**Required action:** In the entries that follow, repeat exactly the lines from the one that has "グローバルスタンダードである" through the one that has "包装清单:1援手 防切割手套、钢丝手套 21cm 防切割PU浸胶", but omit pictures.

====== Exercise data ======

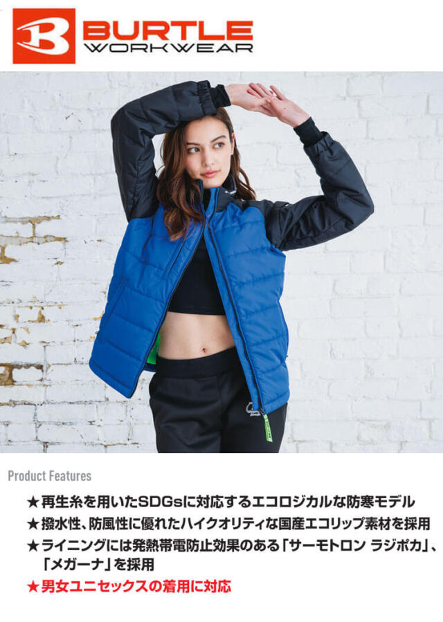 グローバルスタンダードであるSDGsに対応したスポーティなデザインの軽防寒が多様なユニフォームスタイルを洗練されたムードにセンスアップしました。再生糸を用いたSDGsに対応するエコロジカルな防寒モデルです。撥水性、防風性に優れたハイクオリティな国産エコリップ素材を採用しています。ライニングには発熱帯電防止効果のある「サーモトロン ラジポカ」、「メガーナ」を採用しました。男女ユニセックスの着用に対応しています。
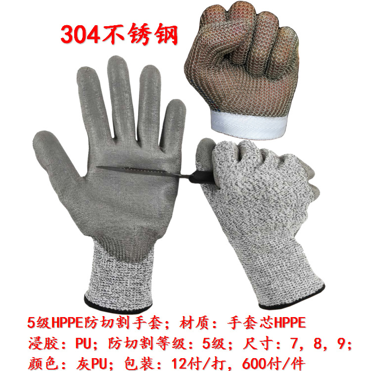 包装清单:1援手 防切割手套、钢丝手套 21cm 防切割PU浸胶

======
====== Exercise data ======

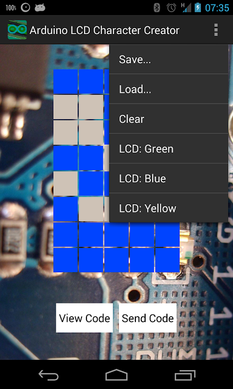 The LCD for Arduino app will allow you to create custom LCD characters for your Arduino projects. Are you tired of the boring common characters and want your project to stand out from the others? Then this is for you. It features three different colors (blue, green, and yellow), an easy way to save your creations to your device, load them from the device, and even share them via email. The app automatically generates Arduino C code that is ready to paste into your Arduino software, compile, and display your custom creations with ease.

======

**Task solution:**
 グローバルスタンダードであるSDGsに対応したスポーティなデザインの軽防寒が多様なユニフォームスタイルを洗練されたムードにセンスアップしました。再生糸を用いたSDGsに対応するエコロジカルな防寒モデルです。撥水性、防風性に優れたハイクオリティな国産エコリップ素材を採用しています。ライニングには発熱帯電防止効果のある「サーモトロン ラジポカ」、「メガーナ」を採用しました。男女ユニセックスの着用に対応しています。
 包装清单:1援手 防切割手套、钢丝手套 21cm 防切割PU浸胶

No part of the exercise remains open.